Pour fêter une décennie de séries, Deauville choisit une saga culte et propose grâce à un partenariat avec OCS un défi inédit: un marathon Game of Thrones. À raison d’une journée par saison de 11 heures à 22 heures, tous les épisodes de la saga culte de HBO auront les honneurs du grand écran du cinéma le Morny. Pas sûr que la challenge soit humain, mais le pari s’accompagne de la présence ce week-end sur les planches de Sophie Turner. L’interprète de la résiliente Sansa Stark reçoit le prix Nouvel Hollywood et présente le thriller Heavy dans lequel elle campe le grand amour d’un dealer.

Plusieurs présidents des jurys passés reviendront également dans la station balnéaire normande pour célébrer un demi-siècle de compétition qui a notamment reconnu les premières œuvres d’un Damien Chazelle ou Christopher Nolan. Sont annoncés, samedi, Vincent Lindon, Régis Wargnier, Jean-Jacques Annaud, Claude Lelouch et Olivier Assayas. Le cinéaste viendra recevoir le prix du 45e festival pour saluer sa filmographie trait d’union entre Hollywood et le 7e art tricolore et dévoilera son thriller d’espionnage cubainWasp Network

Bruno Barde assume totalement le virage pris par son festival qui s’est recentré sur le cinéma indépendant et a laissé de côté les films des grands studios. «Le cinéma américain produit 100 films de studios contre 500 longs-métrages indépendants. L’art est vrai quand il crée, et non quand il imite. Malheureusement les blockbusters, les franchises obéissent davantage à des impératifs économiques et marketing qu’artistiques. À Cannes, une des rares productions des studios à porter une vraie vision était Once upon in Time in Hollywood de Tarantino».

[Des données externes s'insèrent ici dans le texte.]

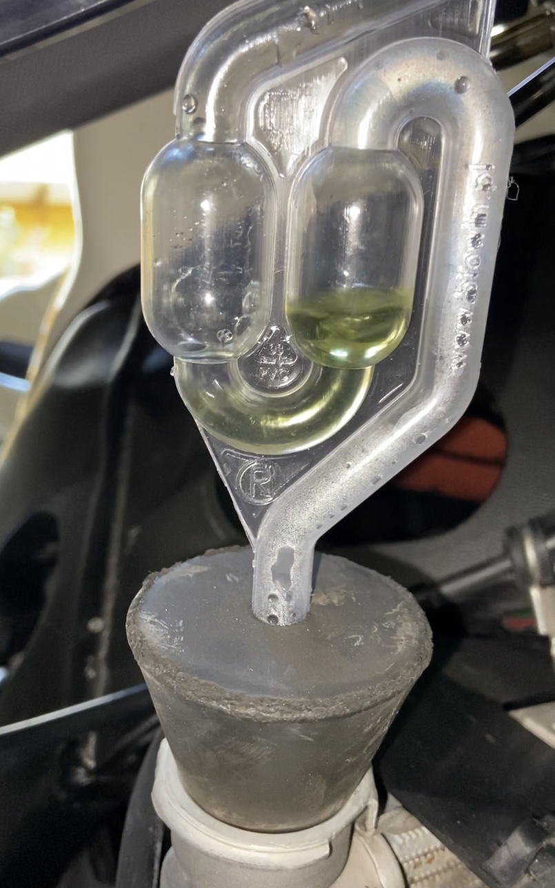 Das könnte erklären, das bei dir beim Fahren dann evtl. dann einfach irgendwann die Luft sich den Weg über den Ausgleichsbehälter sucht und der Flüssigkeitsstand sinkt. Und kann auch höhere Temperaturen erklären...
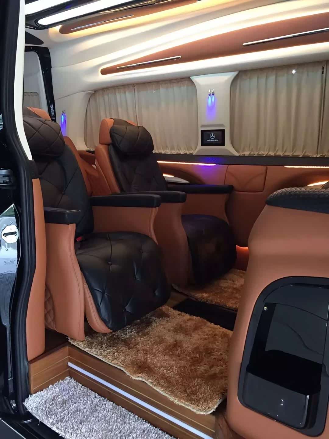 车内空间宽阔,色调明亮,座椅呈2+2+3=7型排列,整洁美观,真皮制作,柔软舒适,驾驶舱与乘客舱全隔断分开,但雾化玻璃解决了互通的问题。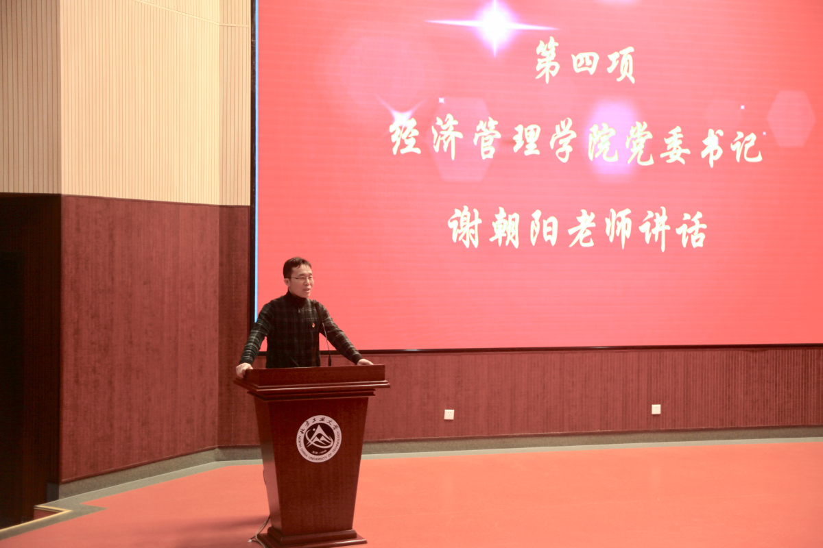 大会在庄严的国歌声中正式拉开帷幕。谢书记代表公司党委,发表了讲话,他对学代会的召开表示祝贺,对各位员工代表为公司的发展积极建言献策表示感谢。同时,谢老师也对大家提出三点希望。一是希望大家要加强理论学习,坚定理想信念,把握人生中最美好的时光,尽快成长为祖国的合格建设者和可靠接班人。二是希望大家要在实践中锻炼、在实践中提高,努力成长为“勤奋创新、阳光向上、敬业乐群、善于表达”的经管人。三是希望大家要增强服务意识、提高服务能力,做好老师和同学们之间的沟通纽带,在服务中体会别样的获得感和幸福感。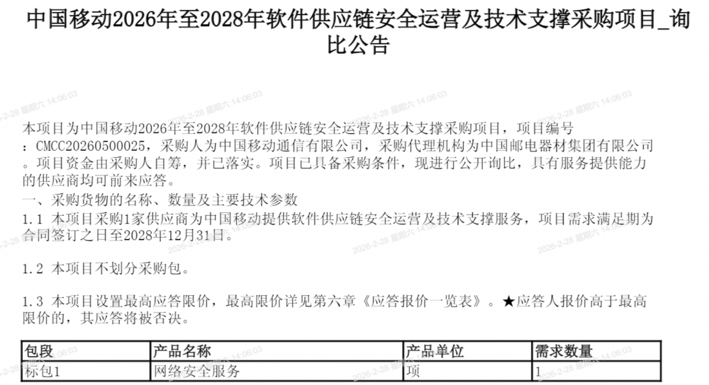 C114讯 2月28日消息(兰茜)中国移动采购与招标网日前发布2026年至2028年软件供应链安全运营及技术支撑采购项目公告。

Le directeur artistique n’est pas non plus ébranlé par les critiques de groupes féministes qui lui reprochent d’ouvrir le festival avec Un jour de pluie à New York de Woody Allen et d’avoir invité le réalisateur afro-américain Nate Parker, accusé de viol par une camarade d’université, puis acquitté en 2001. Et Bruno Barde de pointer: «Je suis très étonné de cette société qui lapide et qui lynche, où l’on doute de la justice américaine».